Shooting also broke out on Monday in the northeastern town of Maiduguri, considered Boko Haram’s base of operations. Soldiers shot dead two Islamists after gunmen opened fire on a checkpoint, Musa said.

The US strongly condemned the attacks, with State Department spokeswoman Victoria Nuland saying “this violence has no place in a democracy.”

The Nigerian authorities as well as foreign embassies had warned of the possibility of Easter attacks.

Late Sunday, another bomb blast rocked an area of the central Nigerian city of Jos, with an emergency spokesman reporting a number of injuries.

Boko Haram’s deadliest attack yet occurred in the northern city of Kano on January 20, when coordinated bombings and shootings claimed at least 185 lives.

An attempt to hold indirect talks between Boko Haram and the government last month appears to have collapsed, with a mediator quitting over leaks to the media and a spokesman for the Islamists saying they could not trust the government.

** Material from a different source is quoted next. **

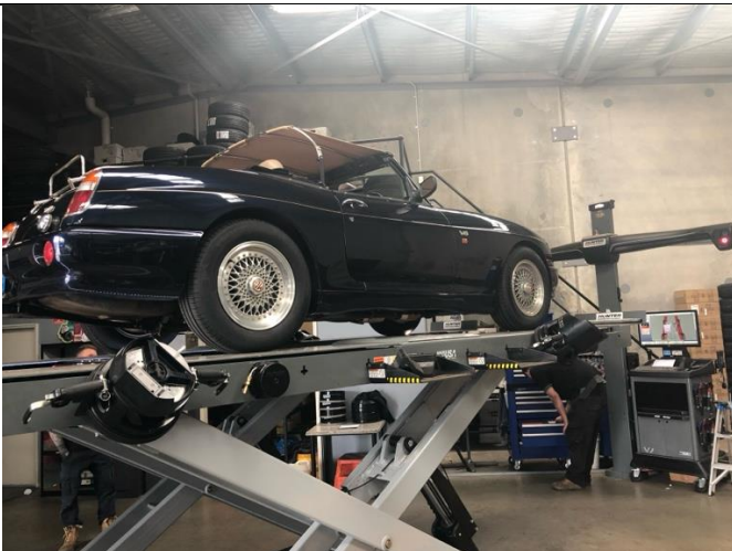
Figure 9 Alignment maintained

There has been intense speculation over whether Boko Haram has links to outside extremist groups such as Al-Qaeda’s north African branch.

Diplomats say such links so far appear limited to training for some Boko Haram members in northern Mali with Al-Qaeda elements, without significant evidence of operational ties.

Analysts say deep poverty and frustration in Nigeria’s north has fed the violence, pushing young people toward extremism.

Nigeria’s 160 million population is roughly divided between a mainly Muslim north and predominantly Christian south.